(COLLECTED MATERIAL Opens)

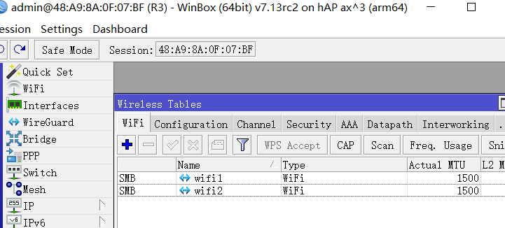 “WiFi”配置菜单是在RouterOS 7.13中引入的,是一个用于管理Wi-Fi 5 wave2和更新的WiFi接口的RouterOS功能包。wireless设备的兼容需要'wifi-qcom-ac'驱动程序包(用于802.11ac芯片组)或'wifi-qcom'驱动程序包用于802.11ax和更新的芯片组。
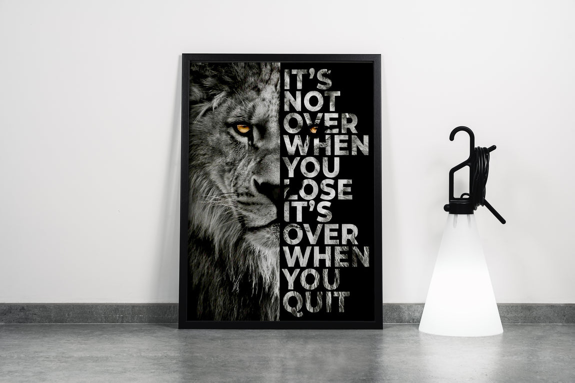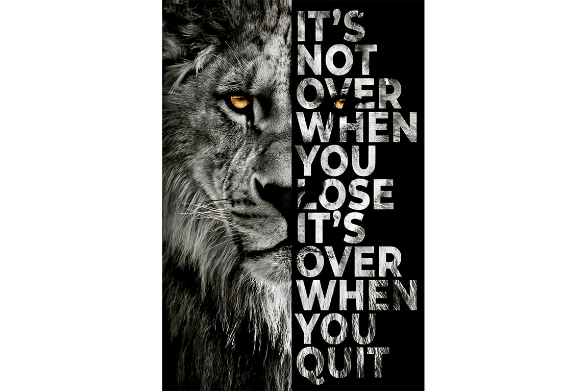 Aslan yüzünün detaylarıyla ve motive edici sözle buluşan bu baskı, yaşamınıza güç ve ilham katacak. Yüksek kaliteli kanvas üzerine uygulanmış renkler canlılığını uzun süre korur, mekanınıza etkileyici bir atmosfer sağlar. Dayanıklı malzeme ve özenli işlem, ürünün uzun ömürlü ve şık kalmasını sağlar. Enerjisini ve kararlılığını her an hissetmek isteyenler için ideal bir tercih.
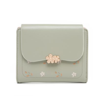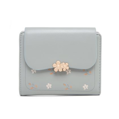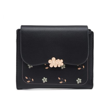 Huo Po * wallet women's new autumn and winter cross-border niche women's wallet Korean style PU flower 3 fold bag folding coin purse
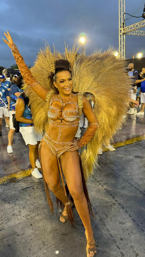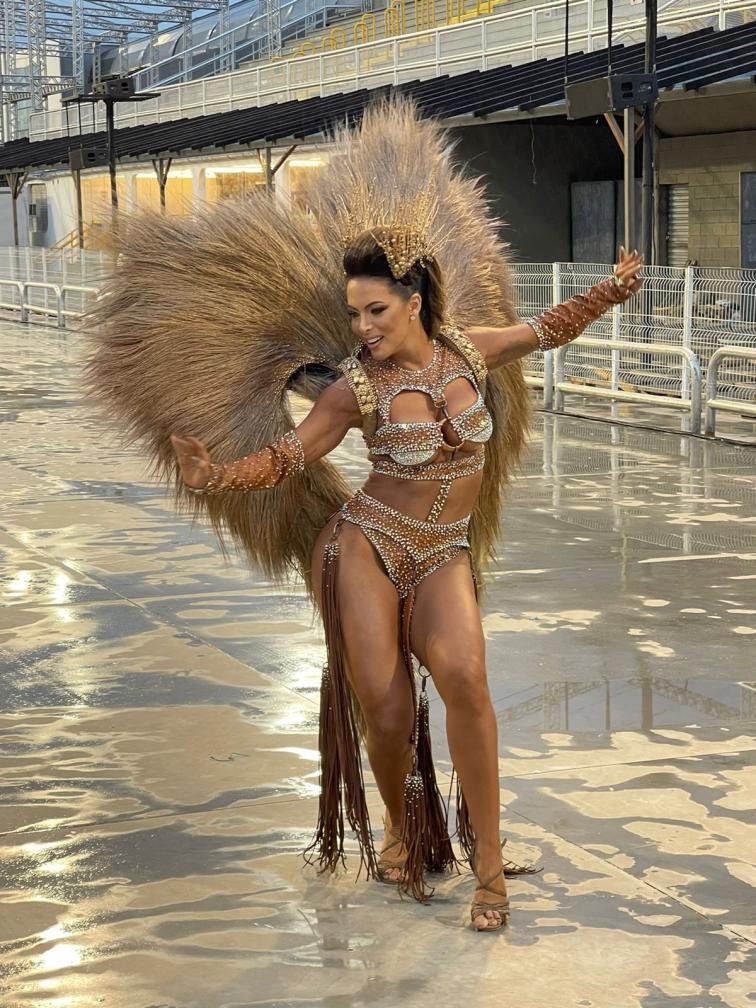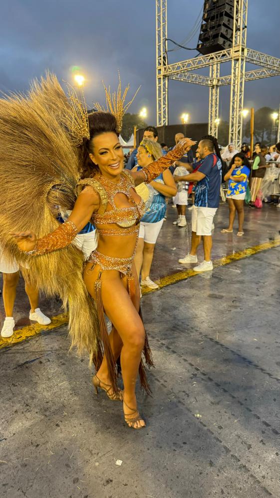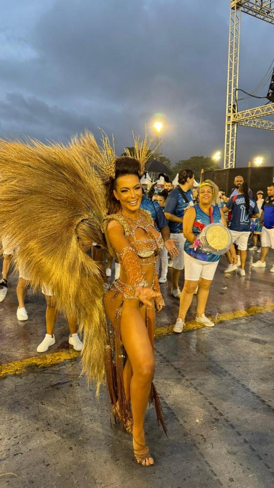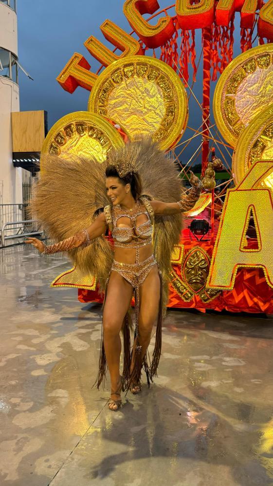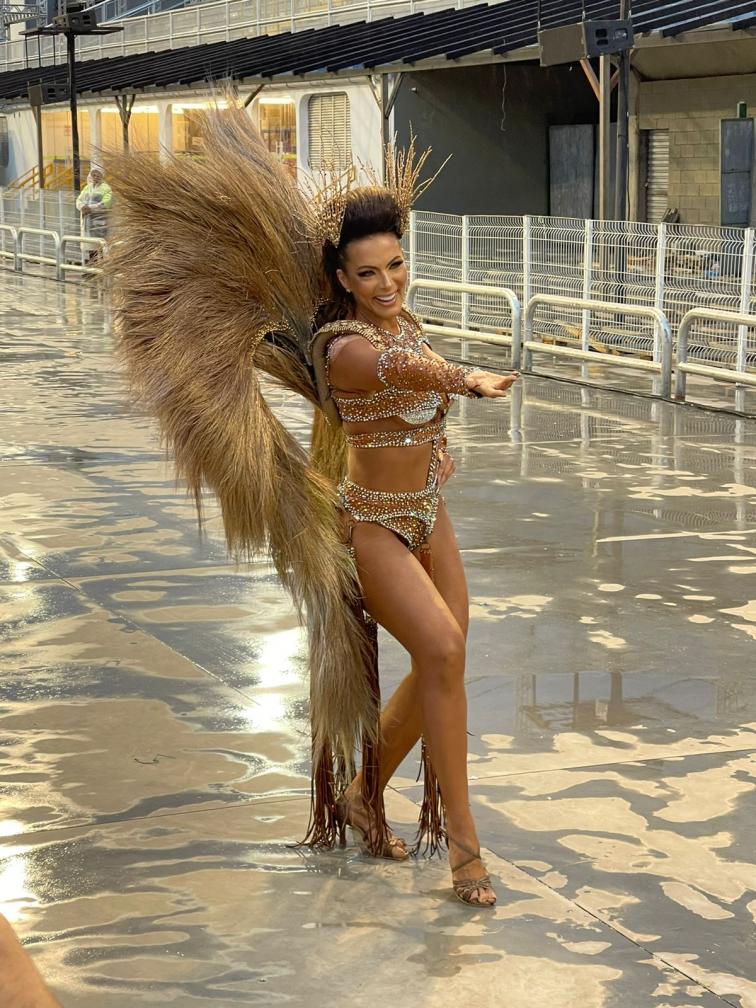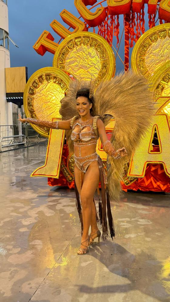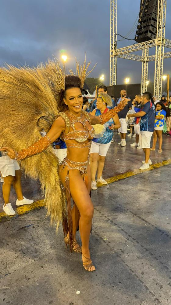 carnaval, a apresentadora Carla Prata pisou na avenida e mesmo em meio a chuva que caía na capital paulistana, mostrou muito samba no pé no ensaio técnico da Acadêmicos do Tucuruvi, onde é Rainha de Bateria, ocorrido na noite deste domingo, dia 21 de janeiro de 2024.

(COLLECTED MATERIAL Closes)

## [EXERCISE GOAL]
Would you set down each line of the listing above exactly, apart from the pictures?

## [RESPONSE TO THE TASK]
 “WiFi”配置菜单是在RouterOS 7.13中引入的,是一个用于管理Wi-Fi 5 wave2和更新的WiFi接口的RouterOS功能包。wireless设备的兼容需要'wifi-qcom-ac'驱动程序包(用于802.11ac芯片组)或'wifi-qcom'驱动程序包用于802.11ax和更新的芯片组。
 Aslan yüzünün detaylarıyla ve motive edici sözle buluşan bu baskı, yaşamınıza güç ve ilham katacak. Yüksek kaliteli kanvas üzerine uygulanmış renkler canlılığını uzun süre korur, mekanınıza etkileyici bir atmosfer sağlar. Dayanıklı malzeme ve özenli işlem, ürünün uzun ömürlü ve şık kalmasını sağlar. Enerjisini ve kararlılığını her an hissetmek isteyenler için ideal bir tercih.
 Huo Po * wallet women's new autumn and winter cross-border niche women's wallet Korean style PU flower 3 fold bag folding coin purse
 carnaval, a apresentadora Carla Prata pisou na avenida e mesmo em meio a chuva que caía na capital paulistana, mostrou muito samba no pé no ensaio técnico da Acadêmicos do Tucuruvi, onde é Rainha de Bateria, ocorrido na noite deste domingo, dia 21 de janeiro de 2024.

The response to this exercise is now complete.